Solicitor’s Approval Clauses
By Stewart Germann of Stewart Germann Law Office Franchising Lawyers at Auckland
Many agreements for sale and purchase of franchised businesses contain a solicitor's approval clause along the lines that "This agreement is conditional upon the approval of our solicitor in all respects".
The intention of such a clause is not simply to allow one party to cancel the agreement after they have signed it if they no longer wish to proceed. After signature of the agreement the party having the benefit of such a clause may "change its mind" and not wish to proceed with the transaction. He may try to tell his solicitor who has not seen the agreement to write to the other party cancelling the agreement on the basis that the solicitor's approval condition has not been fulfilled. The other party may object to the cancellation if no reason is given and the attempted cancellation could well be invalid.
In 2008 in the case of Reynish v Joyce the High Court held that a solicitor is entitled to refuse approval of an agreement if there are genuine legal reasons or impediments to the bargain which the parties have made.
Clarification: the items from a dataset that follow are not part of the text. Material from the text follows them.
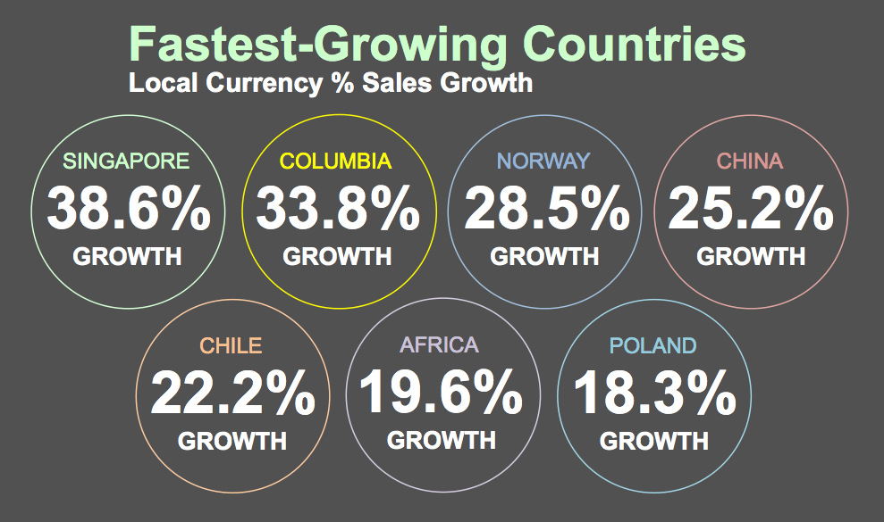 Some country markets are expanding rapidly, showing impressive sales growth over last year.
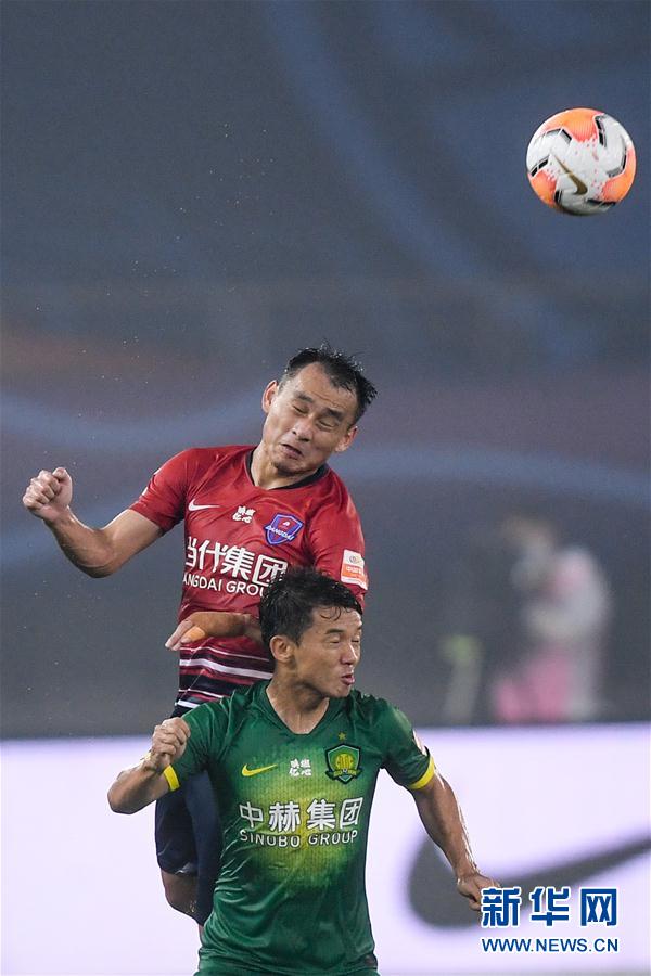 7月26日,重庆当代队球员陈杰(上)与北京中赫国安队球员池忠国拼抢。 当日,在2020赛季中国足球协会超级联赛第一阶段(苏州赛区)第一轮比赛中,北京中赫国安队以2比1战胜重庆当代队。 新华社记者李博摄
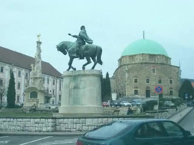 Apa kocsit hajt a városban
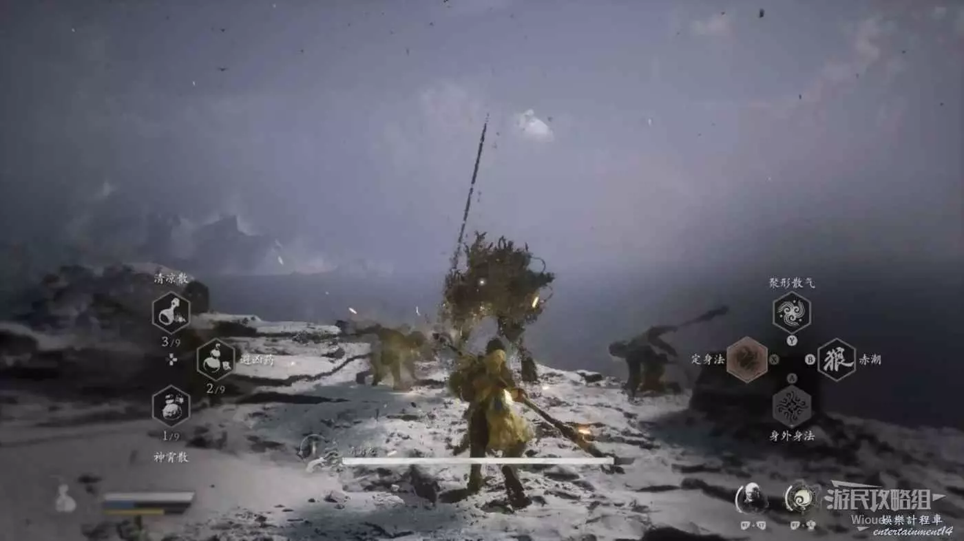 法寶攜帶定風珠,精魄攜帶幽魂,棍法選擇劈棍,點20技能點啟動四棍勢,法術攜帶身外身法、定身術、聚形散氣,法術加點主加身外身法即可。
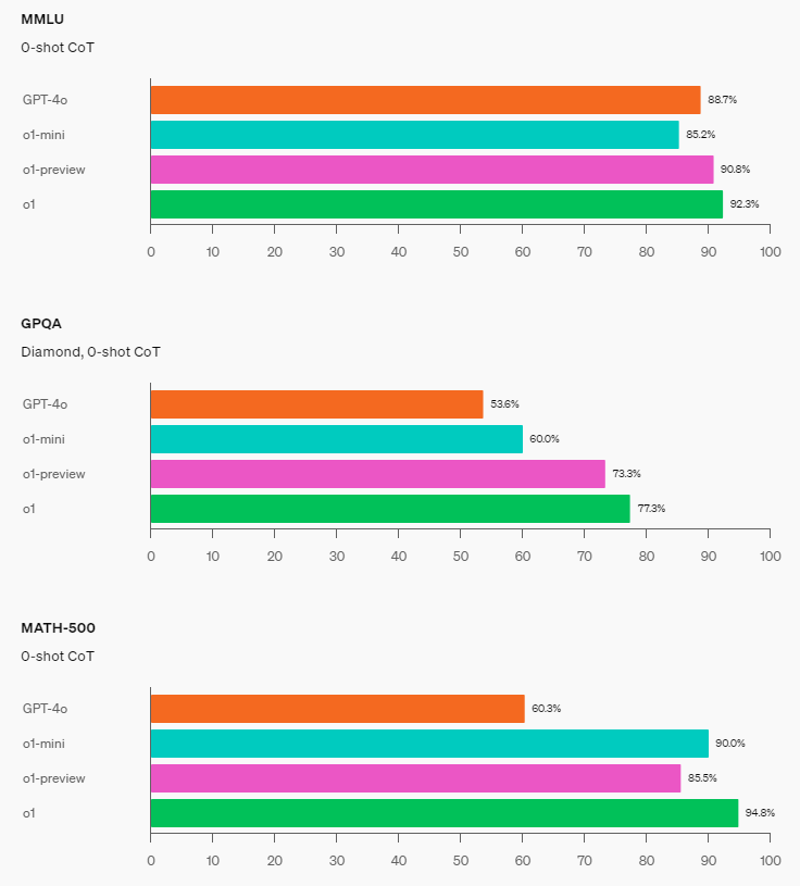 STEM:在一些需要推理的学术基准上,例如 GPQA(科学)和 MATH-500,o1-mini 的表现优于 GPT-4o。o1-mini 在 MMLU 等任务上的表现则不如 GPT-4o,并且由于缺乏广泛的世界知识而在 GPQA 基准上落后于 o1-preview。

If you are not entirely sure that you want to enter into an agreement then don't sign it. If you want time to think about the transaction after signing the agreement you must have a specific clause drafted to cover this.
Therefore, if you want to purchase an existing franchise you should always ask your solicitor to approve any offer before you sign the agreement, and if you do not act prudently you could well cause yourself a major legal problem.